### SUPPLIED INFORMATION:
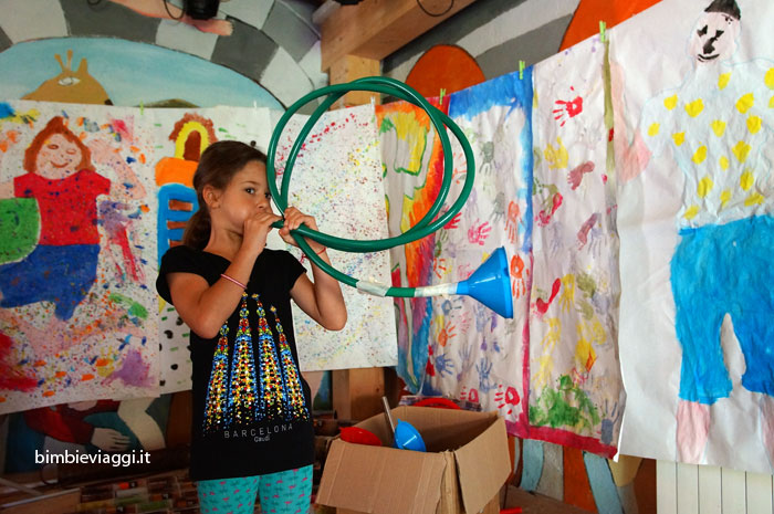 Ad Alcatraz ho incontrato tante mamme single (perché separate o perché semplicemente il marito non poteva partecipare, come nel mio caso), in vacanza coi loro figli, alla ricerca di un’occasione per trascorrere con loro tempo di qualità. Ho incontrato famiglie con bambini appassionati di musica e di arte che, seppur piccoli, hanno dimostrato di saper suonare la tromba o recitare come veri professionisti. Ho incontrato mamme in carriera che trovano nelle discipline divulgate da Jacopo Fo uno strumento per dare sfogo alle proprie qualità e tirare fuori la propria energia nascosta, e che quindi sono venute qui con la famiglia per proseguire il cammino assieme ai loro figli. Ho trovato anche qualche papà eh, ma erano in minoranza. E ho incontrato anche alcune persone che già conoscono e leggono Bimbieviaggi (sempre una grande gioia per me!)
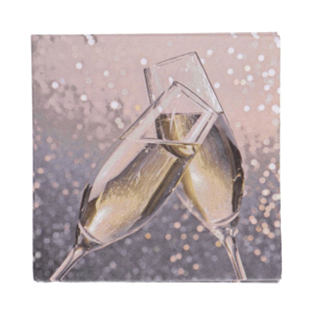 De Servetten Cheers zijn perfect voor al je feestelijke gelegenheden. Met hun vrolijke opdruk van proostende champagneglazen brengen ze direct een feestelijke sfeer. Deze servetten zijn handig en praktisch, ideaal voor bruiloften, verjaardagen en andere speciale momenten.
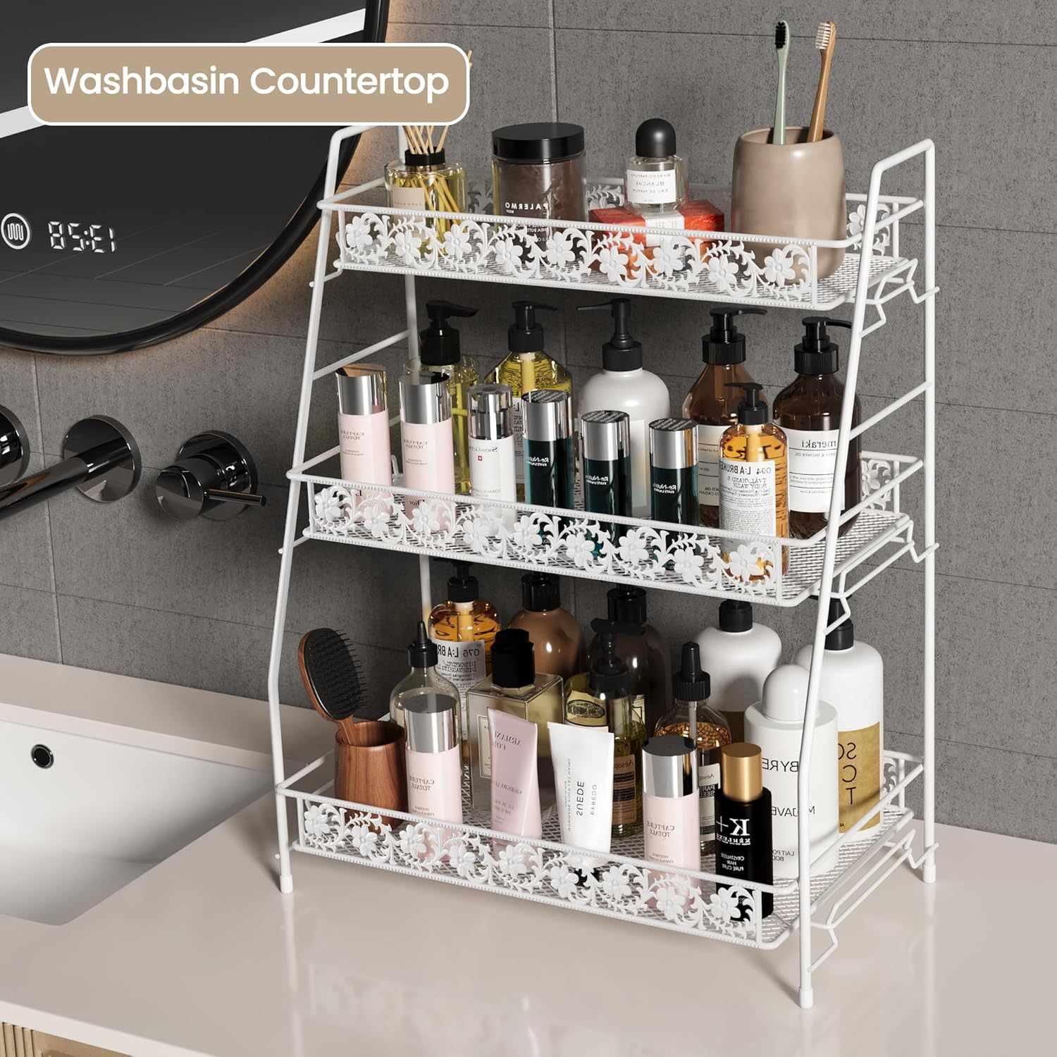 - iBedmazie 3-Tier Storage Racks Countertop Organizer,Large size Counter Spice Racks for Bathroom/Kitchen/Sink/Bedroom/Living room/Office/Coffee Station/Plant Rack with Two Metal Baskets
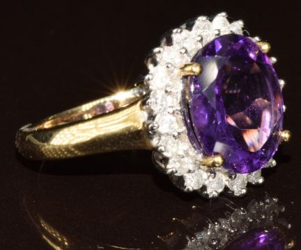 A 9ct gold ring set with an oval cut amethyst surrounded by diamonds, the total diamond weight approximately 0.5ct, 4.8g, size N

### WHAT THE TASK REQUIRES:
Restate every line above exactly, omitting images.

### ANSWER BELOW:
 Ad Alcatraz ho incontrato tante mamme single (perché separate o perché semplicemente il marito non poteva partecipare, come nel mio caso), in vacanza coi loro figli, alla ricerca di un’occasione per trascorrere con loro tempo di qualità. Ho incontrato famiglie con bambini appassionati di musica e di arte che, seppur piccoli, hanno dimostrato di saper suonare la tromba o recitare come veri professionisti. Ho incontrato mamme in carriera che trovano nelle discipline divulgate da Jacopo Fo uno strumento per dare sfogo alle proprie qualità e tirare fuori la propria energia nascosta, e che quindi sono venute qui con la famiglia per proseguire il cammino assieme ai loro figli. Ho trovato anche qualche papà eh, ma erano in minoranza. E ho incontrato anche alcune persone che già conoscono e leggono Bimbieviaggi (sempre una grande gioia per me!)
 De Servetten Cheers zijn perfect voor al je feestelijke gelegenheden. Met hun vrolijke opdruk van proostende champagneglazen brengen ze direct een feestelijke sfeer. Deze servetten zijn handig en praktisch, ideaal voor bruiloften, verjaardagen en andere speciale momenten.
 - iBedmazie 3-Tier Storage Racks Countertop Organizer,Large size Counter Spice Racks for Bathroom/Kitchen/Sink/Bedroom/Living room/Office/Coffee Station/Plant Rack with Two Metal Baskets
 A 9ct gold ring set with an oval cut amethyst surrounded by diamonds, the total diamond weight approximately 0.5ct, 4.8g, size N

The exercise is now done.